Detroit Chief Financial Officer John Hill chaired the conference, the first since the city’s December exit from bankruptcy. Hill said the process is a major part of Detroit’s overall financial plan, which calls for a four-year balanced budget.
The revenue estimates laid out Friday were relatively flat and holding steady.
“It’s a very detailed and refined process to make sure that we create a balanced budget,” Hill said.
The estimates peg the general fund revenues around $1.39 billion for the 2015 fiscal year, up slightly from the $1.35 billion laid out in former Emergency Manager Kevyn Orr’s two-year budget plan.
The 2016 fiscal budget estimate is $1.08 billion, lower than Orr’s $1.16 billion projection. The 2017 fiscal budget is projected to be $1.039 billion.
The revenue discussion, which included Jay Wortley from the state Treasury Department and University of Michigan economist George Fulton, is the first of two required annually under state legislation passed last year.
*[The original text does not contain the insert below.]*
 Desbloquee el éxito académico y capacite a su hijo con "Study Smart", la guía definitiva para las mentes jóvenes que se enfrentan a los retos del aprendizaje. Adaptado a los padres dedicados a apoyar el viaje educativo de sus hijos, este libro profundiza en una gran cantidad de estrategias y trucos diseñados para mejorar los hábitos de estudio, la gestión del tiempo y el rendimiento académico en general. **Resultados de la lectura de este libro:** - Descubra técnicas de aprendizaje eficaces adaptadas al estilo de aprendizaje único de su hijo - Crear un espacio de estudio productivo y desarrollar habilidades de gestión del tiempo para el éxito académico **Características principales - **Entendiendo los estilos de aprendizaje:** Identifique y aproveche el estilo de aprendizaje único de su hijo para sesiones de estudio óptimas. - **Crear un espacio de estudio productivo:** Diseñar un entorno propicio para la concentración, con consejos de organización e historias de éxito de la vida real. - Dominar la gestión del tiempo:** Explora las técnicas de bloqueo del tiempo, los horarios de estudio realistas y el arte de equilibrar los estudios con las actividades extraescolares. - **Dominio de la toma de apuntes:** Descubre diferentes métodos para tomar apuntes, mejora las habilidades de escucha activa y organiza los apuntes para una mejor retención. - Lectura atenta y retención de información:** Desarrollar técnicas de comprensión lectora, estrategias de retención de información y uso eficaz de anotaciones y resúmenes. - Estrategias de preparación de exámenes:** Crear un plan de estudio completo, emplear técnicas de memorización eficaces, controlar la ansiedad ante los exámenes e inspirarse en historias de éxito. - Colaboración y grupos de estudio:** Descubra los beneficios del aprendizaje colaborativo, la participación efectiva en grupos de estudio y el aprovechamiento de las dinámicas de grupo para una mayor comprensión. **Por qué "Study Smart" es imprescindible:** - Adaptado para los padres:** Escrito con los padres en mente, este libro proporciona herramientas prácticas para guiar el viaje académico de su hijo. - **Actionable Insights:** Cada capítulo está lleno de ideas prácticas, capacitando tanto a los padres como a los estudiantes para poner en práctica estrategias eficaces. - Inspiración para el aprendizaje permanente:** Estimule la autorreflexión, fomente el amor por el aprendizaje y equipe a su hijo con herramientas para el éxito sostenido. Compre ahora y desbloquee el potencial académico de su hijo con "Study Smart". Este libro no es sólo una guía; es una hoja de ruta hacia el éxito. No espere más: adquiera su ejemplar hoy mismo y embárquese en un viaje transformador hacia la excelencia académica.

Wortley and Fulton accepted the projections as “conservative” and “reasonable,” but they, along with Detroit officials, noted revenue projections aren’t without challenges.
The estimations will go before the Financial Review Commission and are adopted in advance of Mayor Mike Duggan’s annual budget presentation to the City Council on Tuesday.
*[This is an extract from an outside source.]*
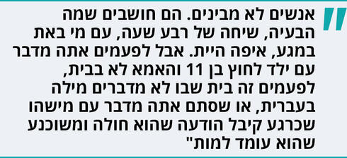אחרי שעתיים עם המסכה כבר הרגשתי כמו שעון נוזלי בציור של דאלי ולא הצלחתי להבין איך הבנות מחזיקות מעמד. מתברר שלכל אחת מהן יש סיפור שהמחיש לה כמה חשובה העבודה שלה. מהמתשאלת שהרגישה בקול של הנחקרת שמשהו קרה, עד שהבינה שלפני שלושה שבועות נולד לה תינוק מת, אז לא, אי־אפשר להכניס אותה סתם ככה לבידוד. או זאת שאת מגלה שהיא שכלה את אמה לפני כמה שעות, ועכשיו צריכה להיכנס לבידוד, ולכי תסבירי לה שאמא שלה תיקבר בלעדיה. כשקורים דברים כאלו הן נזכרות שאולי בעצם טוב שמישהי כמוהן ענתה, מישהי עם טקט ויכולת אמפתית שתבהיר לבן אדם השבור הזה שהוא לא לבד. "אני לא גיבורה, אני כל יום מתקשרת למפקדת שלי ואומרת נו, מתי חוזרים?" אומרת נעמה, "אבל אני מזכירה לעצמי שבמלחמה הזו, מה לעשות, זה אחד התפקידים הכי נחוצים, וזו המלחמה שקיבלתי".

More than 60 percent of general fund revenues are f income, property, wagering and utility taxes, plus state revenue sharing dollars. The remaining 40 percent comes from sales and service fees.
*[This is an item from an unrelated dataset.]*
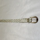 Belt Women 37.5 inches White Silver Metallic Braided Silver Floral Ornate Buckle - Pre-Owned in Very Good Condition - Measurements Length - 37 1/2 in Width - 1 in - Returns acceptable within 30 days of purchase unworn, in original condition - Check out my E-bay Store. Lots of Choices Available. Reduced shipping for 2 or more items. Let me know before you pay so I can send you an invoice to discount the shipping

Carol O’Cleireacain, Detroit’s deputy mayor for economic policy planning and strategy, stressed Detroit’s income tax, the city’s largest general fund revenue source, depends heavily on the degree of compliance with the rules.
The city collected more in income taxes in the 2014 fiscal year than it had estimated. The consensus for 2015 assumes no growth over the prior fiscal year, and factors in 1 percent growth for the 2016 and 2017 fiscal years.
Beginning in tax year 2015, the state will collect Detroit’s income tax.